L’ex-cheffe de la diplomatie libyenne a indiqué que sa rencontre avec la partie israélienne avait pour but de soulever un certain nombre de questions stratégiques, sans plus. «Il faut discuter avec l’ennemi», a-t-elle estimé, dans sa tentative de justifier cette démarche qui avait suscité une vague d’indignation dans toute la Libye, jusqu’à provoquer des émeutes. La maison de la concernée avait été encerclée et cette dernière avait dû être exfiltrée vers la Grande-Bretagne où résident ses filles.
Najla Mangoush dément ainsi les propos d’un lobbyiste juif libyen qui avait fait savoir que sa rencontre avec le ministre israélien des Affaires étrangères avait été préparée six ans auparavant. S’exprimant dans les colonnes du Times of Israel, Raphaël Luzon avait précisé que s’il n’a pas été lié à ce rebondissement diplomatique, il a toutefois décrit les premiers contacts qu’il avait pu faciliter entre les responsables israéliens et les officiels libyens, il y a environ six ans». «Cette préparation, a soutenu le président de l’Union des juifs libyens, a ouvert la voie à la rencontre» qui avait eu lieu en août 2023.
«Au mois de juin 2017, Luzon avait arrangé une réunion sur l’île grecque de Rhodes, qui avait rassemblé des délégations des deux pays», soulignait le média israélien, selon lequel «Israël avait été représenté par Gila Gamliel, ministre de l’Egalité sociale, dont la mère est originaire de Libye, et par l’ancien ministre des Communications, Ayoub Kara, ainsi que par l’ancien vice-président de la Knesset, Yehiel Bar, et par le général à la retraite Yom Tov Samia, lui aussi d’origine libyenne».

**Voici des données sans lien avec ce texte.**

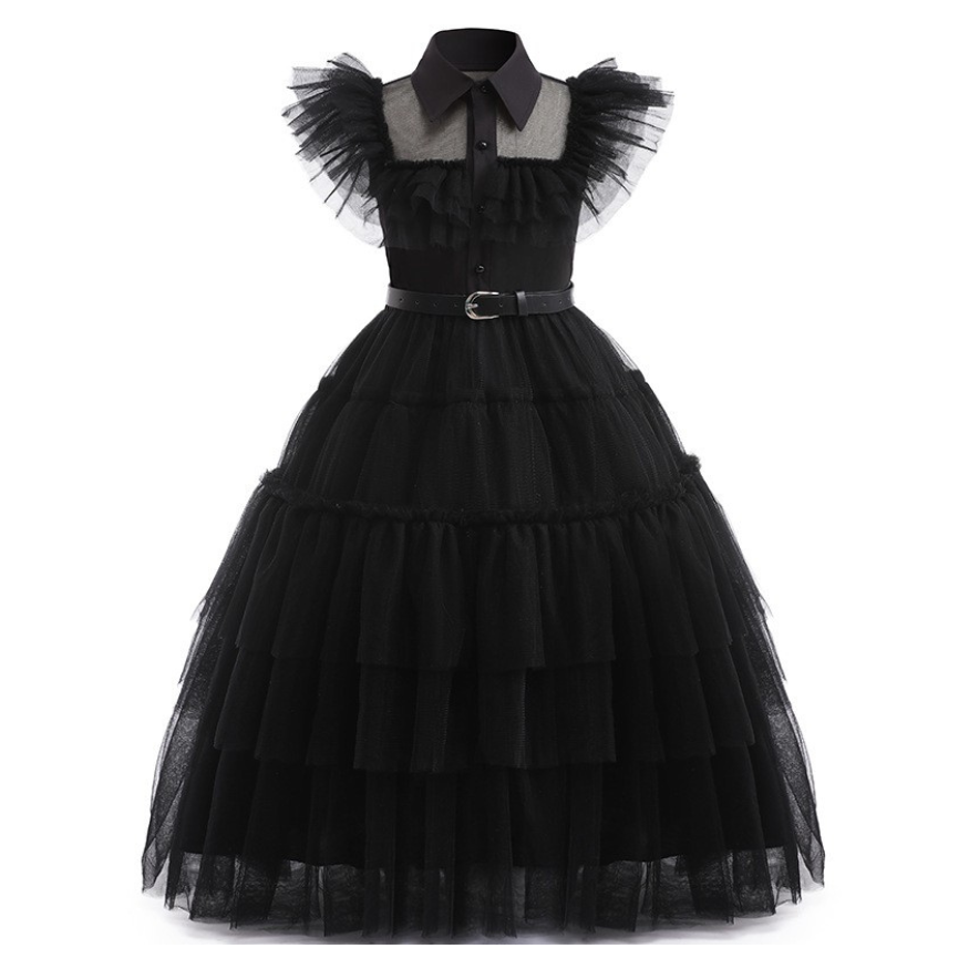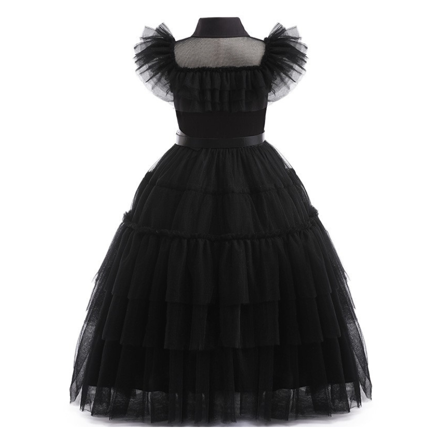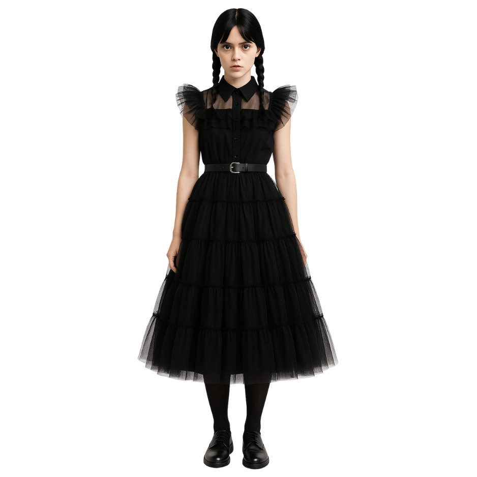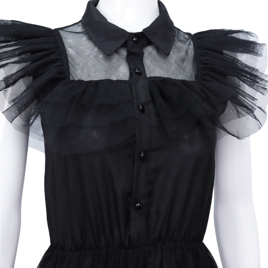 Deze jurk is gemaakt van een luchtige, gelaagde tule stof die speels over de enkels valt en prachtig meebeweegt bij elke stap met veel stretch. De transparante schouderpartij en geplooide mouwdetails geven de jurk een dramatisch effect, terwijl de klassieke kraag en de knoopsluiting zorgen voor een strakke, herkenbare Wednesday-look. De bovenkant is gevoerd met een zachte stof voor optimaal draagcomfort.

«La délégation libyenne à Rhodes avait été chapeautée par l’ancien ministre des Médias, de la Culture et des Antiquités, Omar Al-Gawairi [qui] était alors membre du gouvernement de l’Est du pays, dirigé par Abdurrahim El-Keib, tandis que Khalifa Al-Ghweil, leader du gouvernement rival, installé dans l’Ouest, avait, semble-t-il, transmis ses meilleurs vœux aux deux délégations par le biais d’un fax», poursuivait The Times of Israel. Lors de la conférence qui avait duré trois jours au Rodos Palace Hotel, le délégué libyen «avait évoqué le droit au retour des juifs originaires du pays et leur droit à une indemnisation pour ce qu’ils avaient perdu en quittant le territoire», avait-on révélé.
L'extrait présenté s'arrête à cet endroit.